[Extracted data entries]
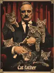Franchement, ce tableau Cat Father, on ne peut pas s'empêcher de sourire en le regardant. Il y a ce chat, costume impeccable, regard fier, assis comme un parrain du cinéma... mais version moustaches et coussin. On dirait presque qu'il s'apprête à donner des ordres depuis son fauteuil, mais avec classe et second degré.
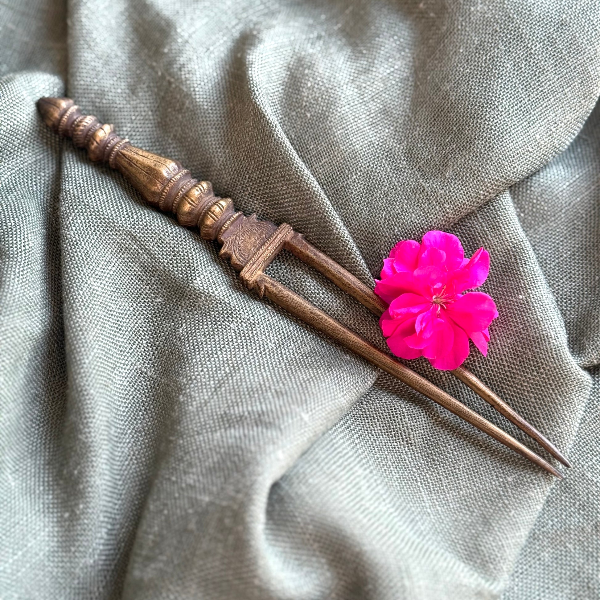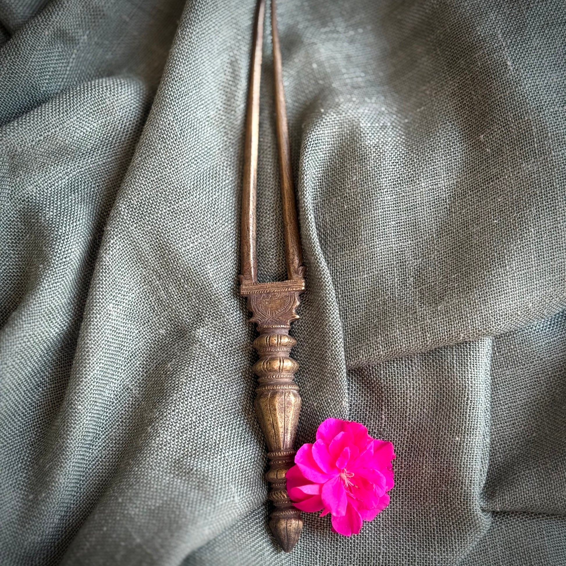 A timeless piece of artistry and function, this vintage brass hair detangler showcases India’s rich tradition of handcrafted metalwork. Designed with dual prongs and an intricately carved handle, it combines beauty with utility, making it as much a collectible as it is a practical grooming tool.
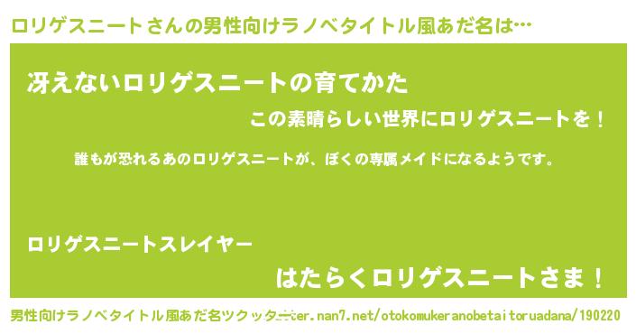 | ヘコむあだ名 | 『ロリゲスニート(笑)』『ロリお』 |
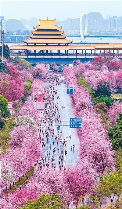 图为3月28日,柳州市举办全民跑活动,来自全国各地的1.8万名跑者踏上开满洋紫荆花的沿江赛道。
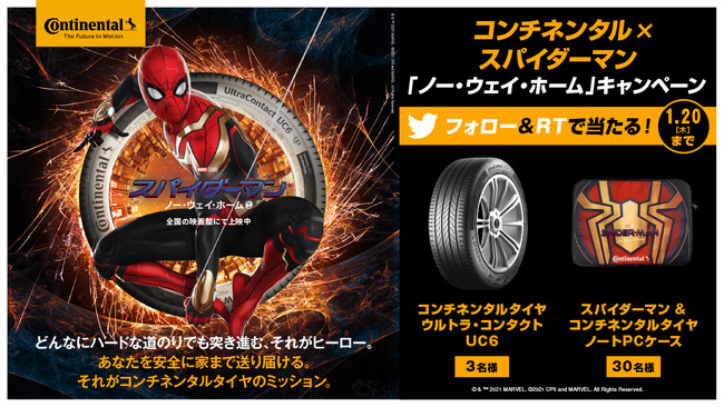 コンチネンタルタイヤ・ジャパン株式会社(所在地:東京都品川区/代表取締役社長:ニコラオス・キリアゾプロス)は、2022年1月7日 (金) より1月20日 (木) まで、映画『スパイダーマン:ノー・ウェイ・ホーム』とのタイアップキャンペーンを実施いたします。

* Work task
Print all the entries again exactly as written, but without the pictures.

* Result of the exercise
Franchement, ce tableau Cat Father, on ne peut pas s'empêcher de sourire en le regardant. Il y a ce chat, costume impeccable, regard fier, assis comme un parrain du cinéma... mais version moustaches et coussin. On dirait presque qu'il s'apprête à donner des ordres depuis son fauteuil, mais avec classe et second degré.
 A timeless piece of artistry and function, this vintage brass hair detangler showcases India’s rich tradition of handcrafted metalwork. Designed with dual prongs and an intricately carved handle, it combines beauty with utility, making it as much a collectible as it is a practical grooming tool.
 | ヘコむあだ名 | 『ロリゲスニート(笑)』『ロリお』 |
 图为3月28日,柳州市举办全民跑活动,来自全国各地的1.8万名跑者踏上开满洋紫荆花的沿江赛道。
 コンチネンタルタイヤ・ジャパン株式会社(所在地:東京都品川区/代表取締役社長:ニコラオス・キリアゾプロス)は、2022年1月7日 (金) より1月20日 (木) まで、映画『スパイダーマン:ノー・ウェイ・ホーム』とのタイアップキャンペーンを実施いたします。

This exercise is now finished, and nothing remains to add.